## DIRECTIONS FOR THIS TASK
A verbatim copy is needed of the lines below from the one containing "UHP2446 Modern Farmhouse" up to and including the one containing "Takkahuone luo tunnelmaa", excluding pictures.

### DATASET EXTRACT

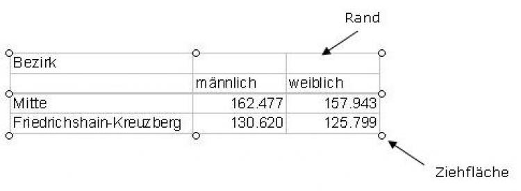 Mittels Klicken auf das Objekt markieren Sie es. Durch Ziehen am Rand (nicht an den Ziehflächen!) können Sie die Tabelle verschieben. Vermittels Ziehen an einer der acht Ziehflächen lässt sich die Größe der Tabelle bei unveränderter Anzahl der gezeigten Zeilen und Spalten variieren.
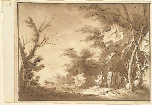 Curator: We're looking at "Landscape with an Old Bridge over a Stream," created between 1623 and 1635 by Pieter Dircksz Santvoort. The artist rendered it in ink and pencil. Editor: It's wonderfully moody. The monochromatic palette lends a melancholic air. The composition, dominated by that slightly precarious-looking bridge, directs your eye across the entire scene. Curator: What strikes me is how Santvoort uses readily available materials like ink and pencil to depict this Dutch landscape. Think about the socio-economic context: landscapes like this were becoming increasingly popular as subject matter, reflecting a growing national identity and pride in the land itself. The relatively simple media meant a wider range of people had access to making and consuming such imagery. Editor: Indeed, the medium lends itself to such detailed and textural rendering. The layering of strokes gives form to the cloudy sky, for instance. Structurally, the composition cleverly uses the diagonal of the bridge to offset the horizontality of the land. The strategic placement of the tiny figures introduces an interesting point of focus too, which provides us with a point of entry into the world presented. Curator: It is quite a remarkable landscape, especially if you consider how Santvoort used very few tools. A drawing like this offered a means of circulating images and ideas about the countryside, functioning almost as a proto-photograph for a society hungry for depictions of its surroundings. This one is also on paper. Can you imagine the types of paper mills and inks used at the time? And who were the paper makers? Editor: It offers such clear visual structures; you are drawn in almost instantly. The scale invites contemplation on the harmony of its composition and material form. Curator: Exactly. And thinking about its journey through time, from Santvoort’s hand in the 17th century to its display today in the Statens Museum for Kunst—the life of materials is fascinating. Editor: Ultimately, this is about that dialogue, or even dance, between line, form, and texture, is it not?
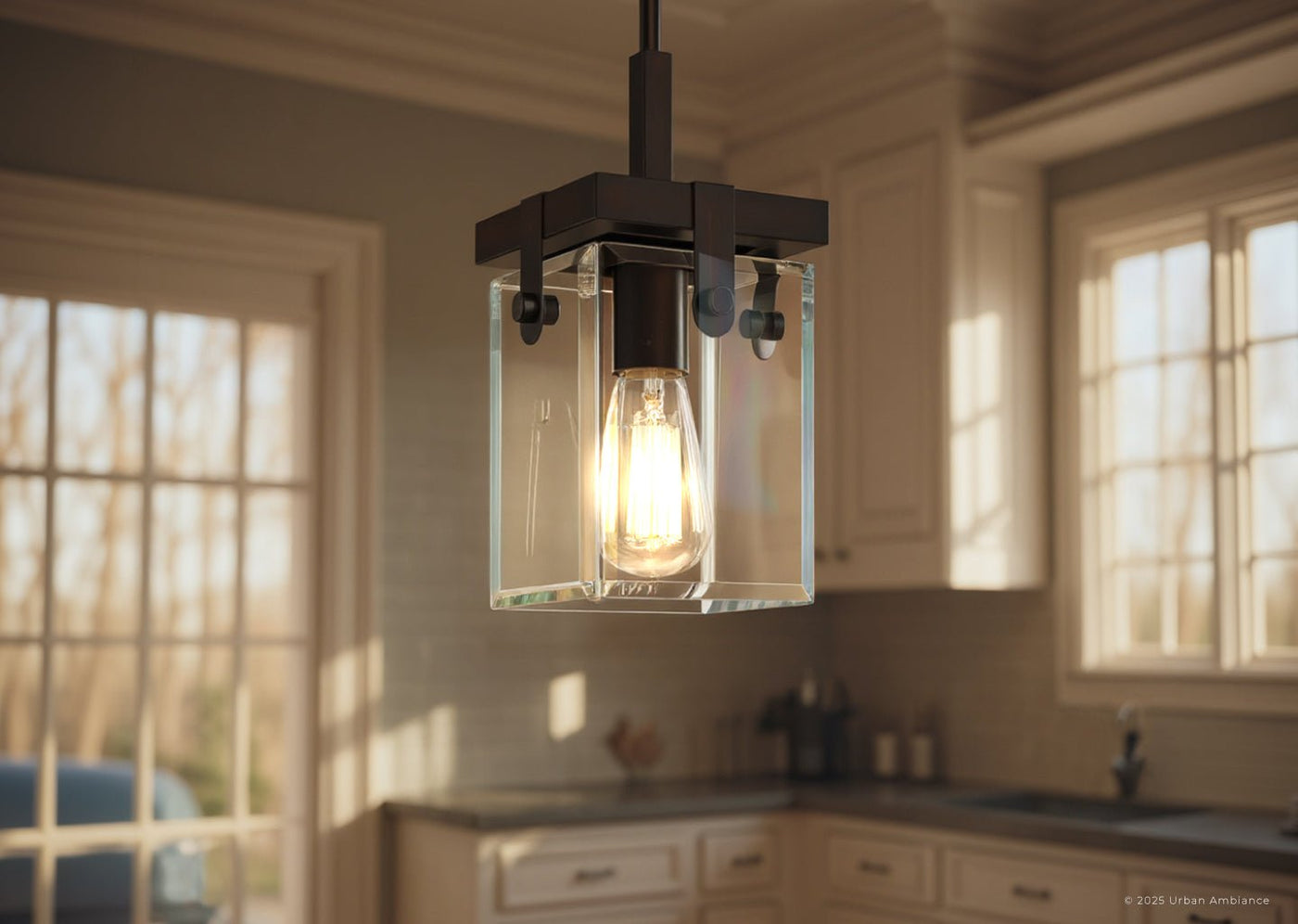 UHP2446 Modern Farmhouse Modern Pendant, 11-7/8"H x 6-1/2"W SQ, Olde Bronze Finish, Bristol Collection
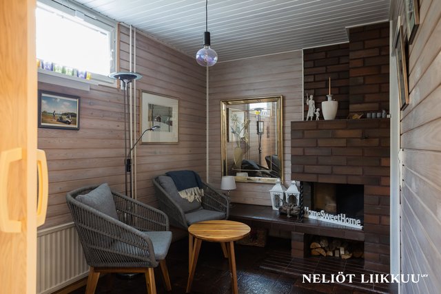 Takkahuone luo tunnelmaa ja tarjoaa mahdollisuuden rentoutumiseen tai työskentelyyn, ja oma sauna tuo arkeen ripauksen ylellisyyttä. Säilytystilaa on runsaasti, ja asumismukavuutta lisää kaksi vaatehuonetta sekä erilliset WC:t.
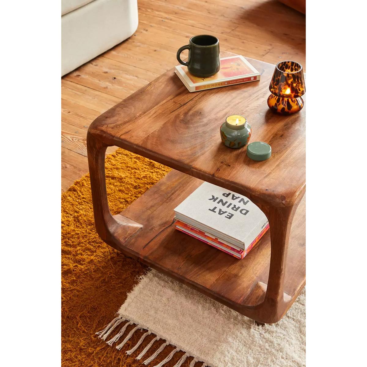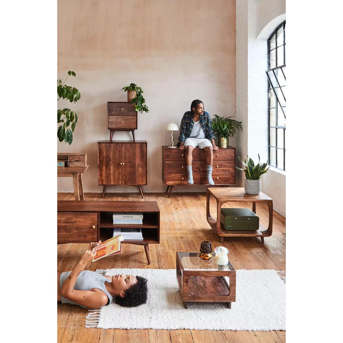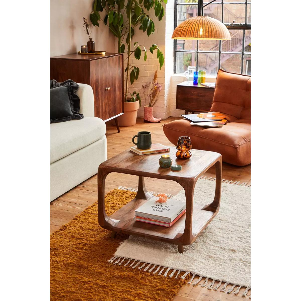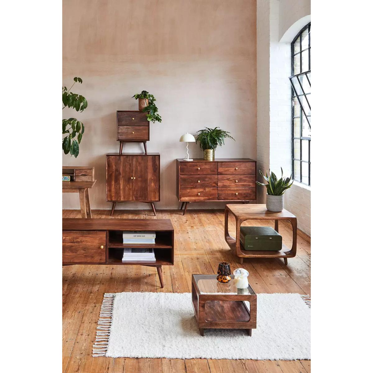 Bring some 1970s energy into your living space with this mid-century Cynthia coffee table. Crafted from soft mango wood with an aged patina finish, complete with rounded edges, a lower magazine shelf and a low, sturdy base with four legs. *Online return only. This item cannot be returned instore. Please note furniture items currently cannot be shipped to Northern Ireland or The Republic of Ireland. Delivery of large furniture items may take 2-3 weeks and are therefore not eligible for Next Day Delivery.* **Content + Care** \- Mango wood \- Wipe clean **Size** \- Dimensions: 60cm x 60cm x 48cm \- Shipping container: 70cm x 70cm x 58cm

######

## RESULT OF THE TASK
 UHP2446 Modern Farmhouse Modern Pendant, 11-7/8"H x 6-1/2"W SQ, Olde Bronze Finish, Bristol Collection
 Takkahuone luo tunnelmaa ja tarjoaa mahdollisuuden rentoutumiseen tai työskentelyyn, ja oma sauna tuo arkeen ripauksen ylellisyyttä. Säilytystilaa on runsaasti, ja asumismukavuutta lisää kaksi vaatehuonetta sekä erilliset WC:t.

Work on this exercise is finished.